Python/PyWavelet implementation of Shannon Entropy optimized WaveletPacket Tiling

Question

I need to run a Shannon (or any such metric) Entropy minimization for a wavelet packet tree, but I'm having problems sussing out the algorithm. Sometimes this is referred to as optimizing the tiles in frequency-space. I can follow solve the problem for a scale, but I can't find a way of resolving overlap conflicts with the subsequent scales. Should the gaps in the resultant scalogram simply be padded with the result from the first resolved layer?

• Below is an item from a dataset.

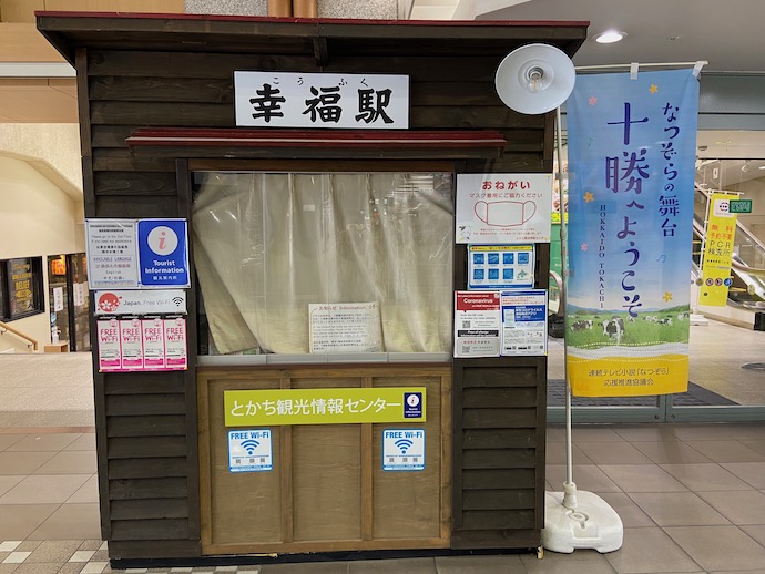 高架ホームを降りた駅の一階には、観光案内所があり、幸福駅をモチーフにした可愛らしいものだった。ただ、幸福駅のブームは昭和中期だったはずで、今ではどんな人たちが幸福駅(跡地)を訪れるのだろうか。そもそも幸福駅の存在を知っているのか?などど、あれこれ疑問が浮かんでくる。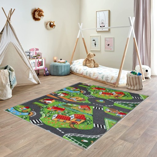 Wspaniały dywan do pokoju dziecięcego, przedszkola i szkoły. Idealny do urządzania ciekawej zabawy na podłodze. Żywe kolory i ciekawy wzór dywanika.

I've tried using PyWavelet's pywt.WaveletPacket, and scouring google for someone that has addressed this problem, but I can't seem to find a Python based answer. The closest I got was Matlab's besttree function in the Wavelet Toolbox, but I don't have a license to that toobox so I can't simply MCC-it and run in python.

import pywt
wave='db4'
wp=pywt.WaveletPacket(data,wave)
levels=pywt.dwt_max_level(len(data),pywt.Wavelet(wave))+1

At that point, I don't know if it's better to proceed along a node and trace back up to its parents, or trace along a given level.

I've been using Addison's "Illustrated Wavelet Transform Handbook" for technical reference. I'm trying to replicate the procedure shown in Figure 3.41 on page 170, or similar to the following link: https://www.researchgate.net/figure/TF-tiling-comparison-between-a-a-DWT-and-b-a-sample-WP-decomposition_fig1_4128902

Answer 1

This seems to work, but it's quite slow for a large data set.
Also, I'm not entirely sure building upwards using natural order is the correct, but it does seem to agree with scipy.signal.spectrogram (i.e. STFFT).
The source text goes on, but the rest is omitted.